Sometimes decluttering is just a really convenient excuse for not doing the things you know you need to do, or rather want to do but are afraid of. I’ve been decluttering for weeks now, months really. And it’s important, it is. But it’s also no substitute for sucking it up and doing the things that scare you, the things that matter.
Instead of doing, I’m getting ready to do. I’m learning. I’m making space.
I’m updating Facebook.
I’m cleaning out my twitter stream.
I’m hiring a graphic designer to make me a logo.
I’m making lists and setting goals and tweaking budgets and catching up on email and look! I’m so organized now! I’m ready to – oh, wait. Let me just take care of this one final loose end…
I still haven’t sent out a single query for a magazine article. Not one.
I’ve purchased a membership to MediaBistro so that I can get examples of queries. I’ve read them. I’ve emailed samples to myself. I’ve made lists of story ideas and possible publications and even half typed one query. I’ve put it on my to-do list, and then I put “write pitch letter” on my to-do list because I thought taking smaller steps would help get me going. That’s why I have the half typed one.
I’ve tried questioning the validity of the goal. I mean, maybe writing articles for print publications isn’t that big of a deal anyway. Maybe the only reason I want that is because of some convoluted notion of legitimacy that is more about societal values than my own. Yeah, that’s it – it’s not even that important to me!
Except that it is. It’s so important that I’m hiding from it.
The other day I thought about getting myself an accountability partner. I’d find one person with a similar goal and we’d make ourselves go through the steps together, like how a gym buddy helps you get your butt out of bed in the morning to workout.
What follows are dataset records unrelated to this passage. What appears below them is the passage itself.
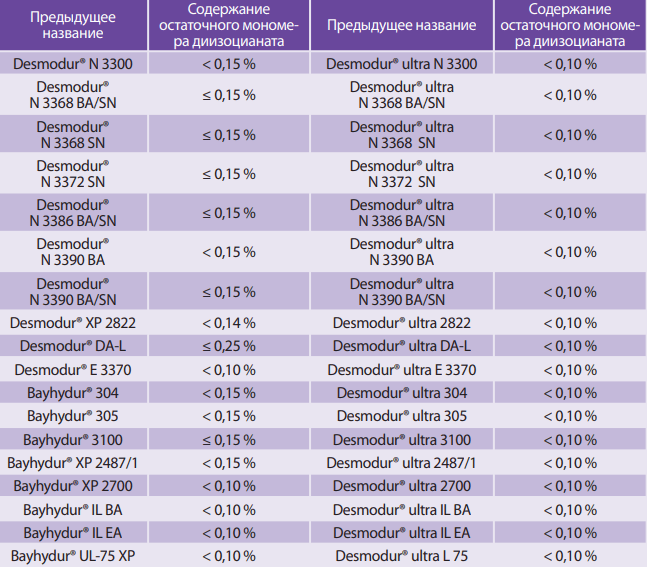 Таблица 1. Линейка продуктов Desmodur ultra. Эффект от использования и химический состав продуктов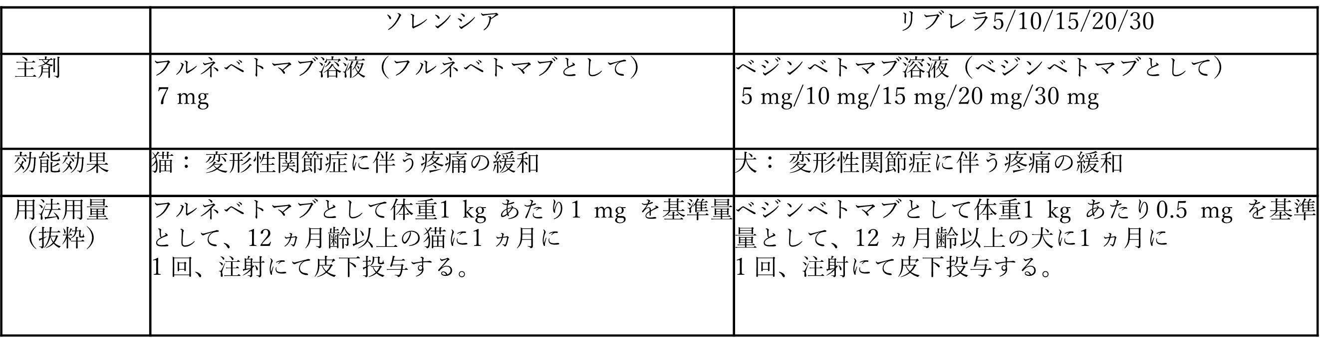 革新的な変形性関節症に伴う痛みの治療薬である「ソレンシア」と「リブレラ」の登場により、はじめて治療可能となるケースが多いと想定しており、本剤を一日も早く獣医師、飼い主様、そして痛みに苦しむ犬と猫にお届けできるよう、全力で取り組みたいと考えています。
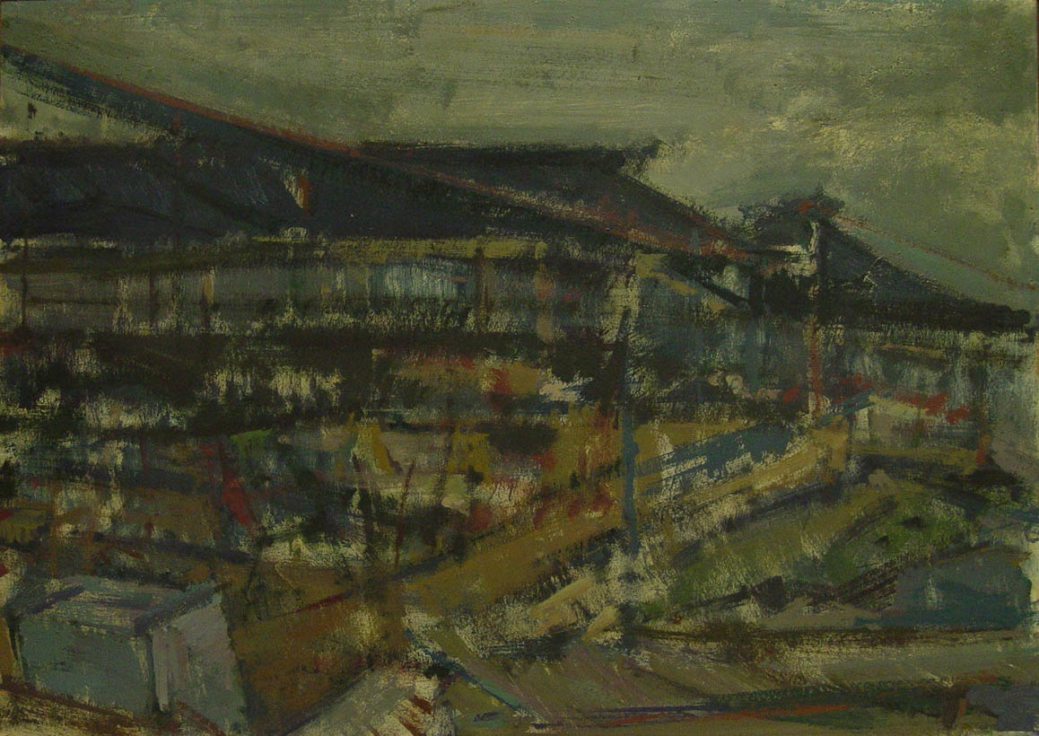 brownish corridor can hardly be distinguished, which extends from the lower left to the right in the center and is lost in a mixture of colors. At its starting point there is a grayish house. With the exception of the upper part of the work dominated by shades of blue, in the rest of the painting there are various colors mainly brown, red, green and blue, intersecting in random combinations.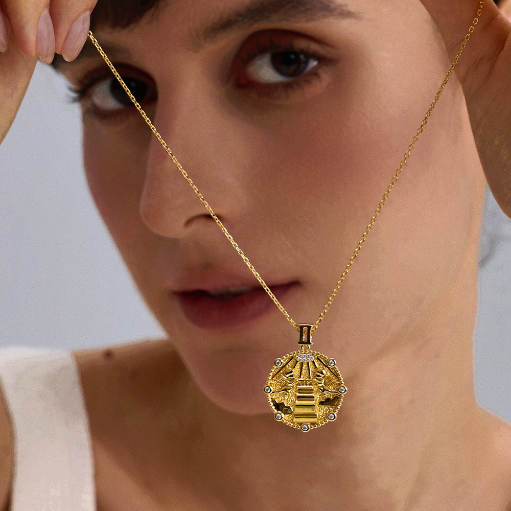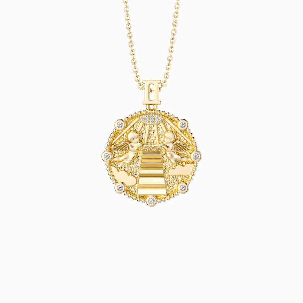 This golden medallion is intricately detailed, capturing the awe-inspiring ladder motif that invites reflection on the ascents and descents of our own lives, and the ever-present link to the divine support above us. It's a powerful representation of the transcendent experiences that guide and shape our destiny.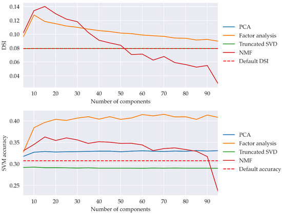 Results of experiments conducted to compare different feature transformation algorithms with different numbers of components. PCA, FA, NMF and LSA (truncated SVD) are evaluated using the DSI metric and the OA obtained by training an SVM model. The default DSI and accuracy are obtained from the original data with 140 features.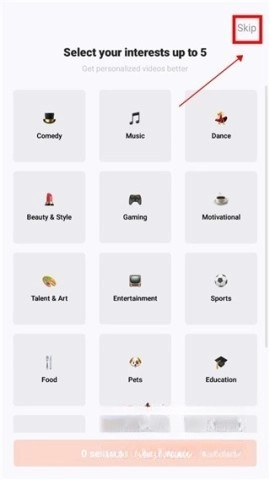 1. 首先打开Kwai快手海外版,进入应用后会出现喜好设置环节,该环节可根据个人意愿选择内容,也能直接跳过。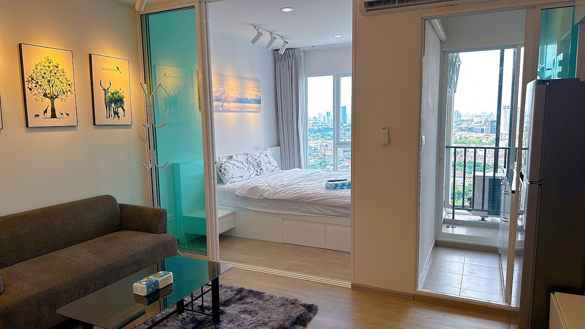迷人的单卧室房源,步行 5 分钟即可抵达地铁站,靠近廊曼机场(DMK)、乍都乍(Chatuchak)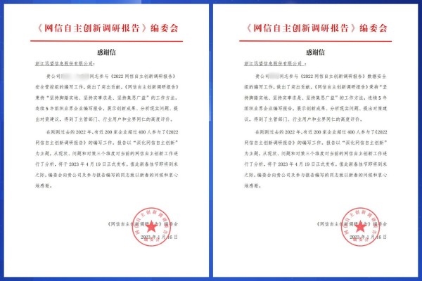 4月19日,網(wǎng)信自主創(chuàng )新調研報告編委會(huì )在“第六屆關(guān)鍵信息基礎設施自主安全創(chuàng )新論壇-暨紀念‘419’講話(huà)發(fā)表七周年活動(dòng)”上正式發(fā)布了《2022網(wǎng)信自主創(chuàng )新調研報告》。遠望信息作為安全防控體系構建領(lǐng)域的實(shí)力廠(chǎng)商參與編寫(xiě)了報告安全管控、數據安全等章節內容,得到編委會(huì )專(zhuān)家一致肯定,并獲致信感謝。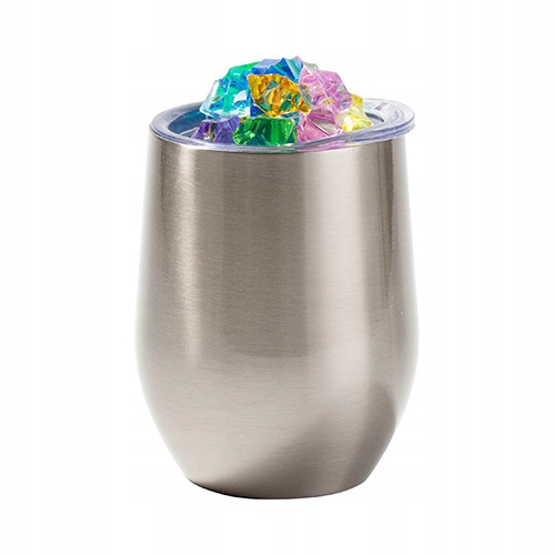 Кружка для глинтвейна 360 мл для сублимации - серебро, крышка с искусственным цветным льдом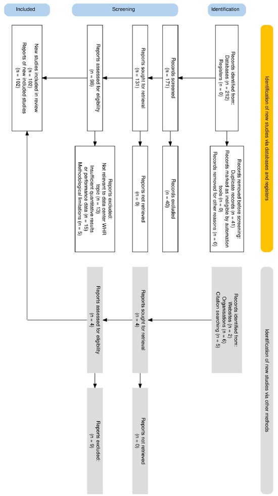 Inclusion criteria were predefined as follows: (i) clear relevance to data-center contexts; (ii) substantive treatment of waste-heat collection, upgrading, conversion or utilization and (iii) reporting of technical, environmental, and/or economic indicators (e.g., COP, thermal efficiency, PUE/ERE impact, CO2 reduction, CAPEX/OPEX, payback). Exclusion criteria were (i) non-English sources; (ii) studies unrelated to data centers without transferable methods; (iii) conceptual pieces lacking quantitative or engineering detail and (iv) duplicates or overlapping reports. Two reviewers independently screened titles and abstracts. Potentially eligible items then underwent duplicate full-text assessment. Disagreements were resolved by discussion or, when necessary, arbitration by a third reviewer. No automation or machine-learning tools were used. Data extraction used a standardized template that covered the technology route, operating conditions, performance metrics, environmental impacts, economic indicators and integration architectures.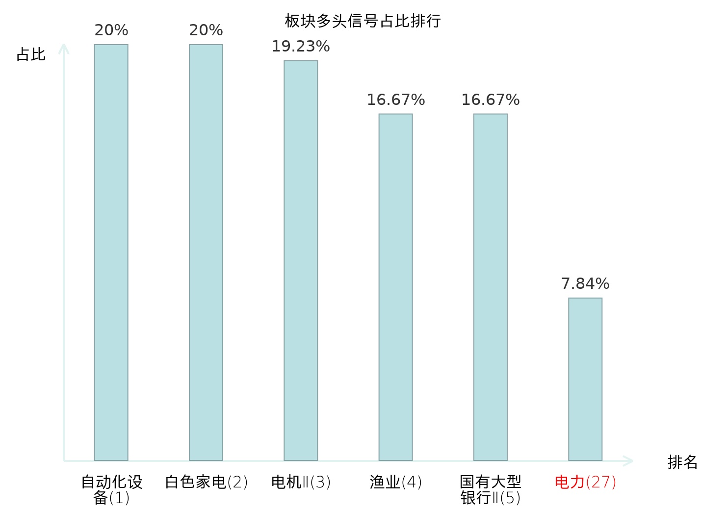 全市场所有行业板块中主力多头信号占比排名中,自动化设备板块位居第一。渔业板块名次提升最快,较昨日上升118位。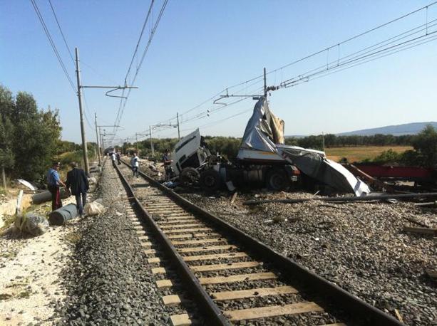 Μία αμαξοστοιχία υψηλής ταχύτητας εκτροχιάστηκε, μετά από σύγκρουση με νταλίκα, σήμερα το μεσημέρι στην Πούλια της Ιταλίας. Ήταν η αμαξοστοιχία 9351 που αναχώρησε από τη Ρώμη σήμερα το πρωί στις 08:45 με προορισμό το Λέτσε, στον Νότο της Ιταλίας.Λίγο μετά τις 13:30 και ενώ η αμαξοστοιχία βρισκόταν εν κινήσει στο ύψος του Μπρίντιζι, συγκρούστηκε με μια νταλίκα που είχε μείνει ακινητοποιημένη επάνω στην διάβαση. Συμφώνα με πληροφορίες ένας άνθρωπος έχασε τη ζωή του ενώ 25 άλλοι τραυματίστηκαν σοβαρά.

But even as I formulated the plan in my head I knew it was just a new scheme for putting steps and distance between me and the actual doing.
The truth is that I’m scared, and so I’m just not pulling the trigger.
I have the time and the resources and the general knowledge necessary. I may even have the skills.
It’s the guts I’m lacking.
I’m also fresh out of excuses.
Are you putting anything important off?